The following career success stories were submitted by several of our INTJ, INTP and ISTP readers. This post includes one ISTP, two INTP, and three INTJ success stories. We hope you enjoy reading them as much as we did.
INTJ Career Success Stories
1. Jennifer: Physician/Pathologist
I am a female INTJ—almost a textbook one, really—and am a doctor. I began training as a surgeon and after four years switched to become a pathologist.
Like many INTJs, I have a large number of broad-ranging intellectual interests and found nearly everything in medical school to be fascinating and appealing. One lovely thing about medical school is that you’re cloistered with highly intelligent people of nearly all personality types (though the SPs are rare birds). One less lovely thing is that being a medical student, as opposed to an actual doctor, relies nearly exclusively on SJ traits. We’re all forced to develop them, though the ISTJs and ESTJs take to med school like ducks to water—the discipline, rigorous schedules and most importantly the excruciating focus on minutiae and facts. I had a great deal of difficulty picking a specialty since I liked everything, at least intellectually, and general surgery seemed to be the last “do everything, know everything” field in medicine. The fact that it is completely dominated by Extroverted Sensors seemed to be something I could overlook.

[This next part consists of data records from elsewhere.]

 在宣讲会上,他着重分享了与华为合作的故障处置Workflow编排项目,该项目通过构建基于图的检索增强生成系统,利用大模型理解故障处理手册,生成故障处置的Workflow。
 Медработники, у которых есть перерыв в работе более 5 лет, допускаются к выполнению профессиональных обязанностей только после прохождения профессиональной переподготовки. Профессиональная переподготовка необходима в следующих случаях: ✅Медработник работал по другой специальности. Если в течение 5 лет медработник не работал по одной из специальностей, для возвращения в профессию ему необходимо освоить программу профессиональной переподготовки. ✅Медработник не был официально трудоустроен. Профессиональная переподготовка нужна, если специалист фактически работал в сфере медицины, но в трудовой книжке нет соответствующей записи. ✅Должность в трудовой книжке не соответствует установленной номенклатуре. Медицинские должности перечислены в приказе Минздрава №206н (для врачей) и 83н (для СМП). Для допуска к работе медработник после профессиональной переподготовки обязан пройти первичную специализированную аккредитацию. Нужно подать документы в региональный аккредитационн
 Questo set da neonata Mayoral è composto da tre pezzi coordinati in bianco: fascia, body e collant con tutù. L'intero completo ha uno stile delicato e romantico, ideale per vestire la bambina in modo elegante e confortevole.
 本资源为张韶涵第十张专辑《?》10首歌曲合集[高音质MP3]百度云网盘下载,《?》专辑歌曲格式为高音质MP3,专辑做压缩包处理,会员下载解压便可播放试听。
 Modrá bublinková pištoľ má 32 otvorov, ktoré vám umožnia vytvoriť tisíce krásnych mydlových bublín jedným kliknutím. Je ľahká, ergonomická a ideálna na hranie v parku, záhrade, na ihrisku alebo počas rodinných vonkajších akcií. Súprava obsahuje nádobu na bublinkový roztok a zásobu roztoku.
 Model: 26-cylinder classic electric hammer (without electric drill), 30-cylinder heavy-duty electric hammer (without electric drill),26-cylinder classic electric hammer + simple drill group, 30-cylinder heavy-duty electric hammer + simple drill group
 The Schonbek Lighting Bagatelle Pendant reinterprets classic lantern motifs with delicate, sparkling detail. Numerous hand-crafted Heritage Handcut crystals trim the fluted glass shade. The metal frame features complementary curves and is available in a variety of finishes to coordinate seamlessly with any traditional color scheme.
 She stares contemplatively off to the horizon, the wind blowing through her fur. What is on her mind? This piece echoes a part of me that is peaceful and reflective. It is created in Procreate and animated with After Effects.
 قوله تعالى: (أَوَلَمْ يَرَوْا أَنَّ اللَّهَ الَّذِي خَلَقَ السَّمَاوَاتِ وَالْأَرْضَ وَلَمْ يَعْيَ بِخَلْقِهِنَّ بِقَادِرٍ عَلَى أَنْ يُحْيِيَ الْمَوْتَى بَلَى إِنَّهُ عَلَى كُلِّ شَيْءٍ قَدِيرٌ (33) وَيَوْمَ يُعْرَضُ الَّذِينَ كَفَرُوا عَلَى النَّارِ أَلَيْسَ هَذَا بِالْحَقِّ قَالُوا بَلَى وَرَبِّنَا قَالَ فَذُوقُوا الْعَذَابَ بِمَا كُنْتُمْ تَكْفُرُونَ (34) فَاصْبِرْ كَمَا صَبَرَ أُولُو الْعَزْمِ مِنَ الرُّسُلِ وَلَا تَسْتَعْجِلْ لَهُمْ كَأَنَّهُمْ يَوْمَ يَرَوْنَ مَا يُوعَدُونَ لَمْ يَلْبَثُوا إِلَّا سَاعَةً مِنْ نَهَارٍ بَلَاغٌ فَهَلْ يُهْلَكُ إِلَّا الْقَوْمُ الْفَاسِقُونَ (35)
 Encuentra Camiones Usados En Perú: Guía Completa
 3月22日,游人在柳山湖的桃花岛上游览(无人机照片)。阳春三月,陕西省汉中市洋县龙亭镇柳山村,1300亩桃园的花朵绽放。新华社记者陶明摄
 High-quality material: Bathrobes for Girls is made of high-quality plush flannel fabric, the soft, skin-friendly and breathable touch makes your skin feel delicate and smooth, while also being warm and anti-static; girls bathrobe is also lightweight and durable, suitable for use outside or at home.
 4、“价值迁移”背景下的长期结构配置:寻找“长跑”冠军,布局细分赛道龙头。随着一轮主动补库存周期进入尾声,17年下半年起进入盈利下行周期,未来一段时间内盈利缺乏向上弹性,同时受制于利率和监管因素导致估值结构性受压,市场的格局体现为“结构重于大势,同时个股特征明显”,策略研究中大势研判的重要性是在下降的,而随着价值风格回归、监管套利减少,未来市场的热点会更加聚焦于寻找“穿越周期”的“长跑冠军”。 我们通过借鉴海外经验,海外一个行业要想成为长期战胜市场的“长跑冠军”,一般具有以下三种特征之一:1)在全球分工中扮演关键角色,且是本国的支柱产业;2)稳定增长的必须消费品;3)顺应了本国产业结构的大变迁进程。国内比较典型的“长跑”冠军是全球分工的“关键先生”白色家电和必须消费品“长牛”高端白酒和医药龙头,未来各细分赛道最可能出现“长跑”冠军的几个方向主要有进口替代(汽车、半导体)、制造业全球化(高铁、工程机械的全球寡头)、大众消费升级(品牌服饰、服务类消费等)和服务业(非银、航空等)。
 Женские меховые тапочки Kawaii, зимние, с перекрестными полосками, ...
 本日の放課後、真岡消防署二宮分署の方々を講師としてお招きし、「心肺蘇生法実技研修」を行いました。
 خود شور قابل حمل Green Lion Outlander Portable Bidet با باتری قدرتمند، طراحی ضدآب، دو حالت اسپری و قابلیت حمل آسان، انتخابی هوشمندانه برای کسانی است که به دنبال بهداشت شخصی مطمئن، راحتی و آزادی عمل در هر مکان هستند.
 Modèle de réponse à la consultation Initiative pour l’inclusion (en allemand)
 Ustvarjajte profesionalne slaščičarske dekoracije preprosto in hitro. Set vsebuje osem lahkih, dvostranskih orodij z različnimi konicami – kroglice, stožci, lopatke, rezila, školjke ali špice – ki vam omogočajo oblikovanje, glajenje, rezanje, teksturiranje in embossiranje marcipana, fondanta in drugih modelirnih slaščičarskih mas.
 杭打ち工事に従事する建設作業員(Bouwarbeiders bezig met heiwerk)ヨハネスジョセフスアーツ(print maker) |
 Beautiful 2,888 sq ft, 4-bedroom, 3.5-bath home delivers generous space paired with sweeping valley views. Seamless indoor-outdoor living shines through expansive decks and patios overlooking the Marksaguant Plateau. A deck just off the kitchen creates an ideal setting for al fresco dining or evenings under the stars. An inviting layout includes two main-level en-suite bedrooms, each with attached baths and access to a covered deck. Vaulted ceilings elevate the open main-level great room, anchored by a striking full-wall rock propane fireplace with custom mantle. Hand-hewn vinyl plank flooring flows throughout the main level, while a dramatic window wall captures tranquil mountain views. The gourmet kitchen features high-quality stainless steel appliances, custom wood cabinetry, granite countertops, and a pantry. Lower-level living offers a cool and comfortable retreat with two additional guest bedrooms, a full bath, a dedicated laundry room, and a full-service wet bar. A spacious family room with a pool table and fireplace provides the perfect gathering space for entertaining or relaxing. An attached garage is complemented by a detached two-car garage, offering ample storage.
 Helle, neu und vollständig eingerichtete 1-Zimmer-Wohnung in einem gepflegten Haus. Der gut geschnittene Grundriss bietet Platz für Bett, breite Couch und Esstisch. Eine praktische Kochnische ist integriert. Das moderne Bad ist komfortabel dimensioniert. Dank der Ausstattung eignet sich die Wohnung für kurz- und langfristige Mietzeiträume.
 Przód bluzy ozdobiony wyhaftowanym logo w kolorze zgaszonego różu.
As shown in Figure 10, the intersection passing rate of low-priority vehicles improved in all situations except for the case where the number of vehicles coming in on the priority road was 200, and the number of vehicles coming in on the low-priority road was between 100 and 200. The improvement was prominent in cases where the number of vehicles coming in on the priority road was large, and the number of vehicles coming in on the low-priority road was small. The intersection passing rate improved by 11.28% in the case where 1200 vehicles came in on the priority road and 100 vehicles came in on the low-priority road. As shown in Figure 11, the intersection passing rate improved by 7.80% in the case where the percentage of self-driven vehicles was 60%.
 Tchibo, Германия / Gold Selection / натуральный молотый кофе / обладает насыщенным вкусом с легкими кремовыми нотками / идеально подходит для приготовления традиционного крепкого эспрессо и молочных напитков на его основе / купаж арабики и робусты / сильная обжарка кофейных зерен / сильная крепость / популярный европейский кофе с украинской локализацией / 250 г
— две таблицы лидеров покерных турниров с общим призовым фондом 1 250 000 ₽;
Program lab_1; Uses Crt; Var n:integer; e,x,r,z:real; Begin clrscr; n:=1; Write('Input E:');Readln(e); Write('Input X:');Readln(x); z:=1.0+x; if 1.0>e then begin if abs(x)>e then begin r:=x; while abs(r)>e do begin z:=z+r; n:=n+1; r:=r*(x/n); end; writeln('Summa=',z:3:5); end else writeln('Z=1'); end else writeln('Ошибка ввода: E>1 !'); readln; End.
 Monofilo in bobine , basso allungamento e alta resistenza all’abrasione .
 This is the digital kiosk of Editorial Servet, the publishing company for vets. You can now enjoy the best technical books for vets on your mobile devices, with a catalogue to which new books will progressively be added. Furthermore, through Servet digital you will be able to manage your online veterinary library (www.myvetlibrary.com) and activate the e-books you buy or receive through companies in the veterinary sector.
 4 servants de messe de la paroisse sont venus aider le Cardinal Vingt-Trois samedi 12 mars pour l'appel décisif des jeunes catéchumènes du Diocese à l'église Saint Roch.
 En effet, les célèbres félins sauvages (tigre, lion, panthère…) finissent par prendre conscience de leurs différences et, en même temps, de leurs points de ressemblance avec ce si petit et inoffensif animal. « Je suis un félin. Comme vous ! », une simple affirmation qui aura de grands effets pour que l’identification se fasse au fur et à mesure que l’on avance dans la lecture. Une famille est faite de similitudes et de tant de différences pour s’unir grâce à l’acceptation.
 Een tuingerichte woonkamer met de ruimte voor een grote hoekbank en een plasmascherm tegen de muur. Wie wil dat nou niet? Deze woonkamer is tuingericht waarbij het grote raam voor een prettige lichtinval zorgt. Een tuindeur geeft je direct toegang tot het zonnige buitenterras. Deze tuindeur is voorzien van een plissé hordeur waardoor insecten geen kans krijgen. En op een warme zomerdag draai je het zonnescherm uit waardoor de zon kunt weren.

It was fine at first. I liked the adrenaline and the sense of mastery, autonomy and competence a surgical skillset afforded me. The fact that nearly all of my colleagues were ESTJs with little tolerance for ambiguity, a focus on practical, technical solutions to problems as opposed to speculation on root causes, and a blunt, black/white communication style began to grate. I’m an independent INTJ, though, so I hardly chose a field based on hopes of collegial work relationships. I began to really chafe under the relentless, crushing, sameness of everything. The routine—rounds, patient notes, clinic visits, the operating room. I just began to feel like a monkey—someone else did the intellectual heavy lifting of making a diagnosis or sub-classifying a tumor, and I just cut it out. There are scores of sub-types of lung tumors, for example, with varying biology and etiology. Almost none of that really matters to a surgeon—you cut it out the same way, nearly every time. Also, nearly all surgeons sub-specialize once they’re in practice, and perform only a narrow range of operations. The idea of doing the same case over and over and over again seemed like complete misery.
If a surgeon is reading this now, I’m sure they’re rolling their eyes. “Just cutting it out” is a skillset that takes years to master and is literally life and death to the patient. Obviously I am not trivializing surgery. It’s just for me, the deeper motivations and intellectual rewards in medicine were sorely lacking.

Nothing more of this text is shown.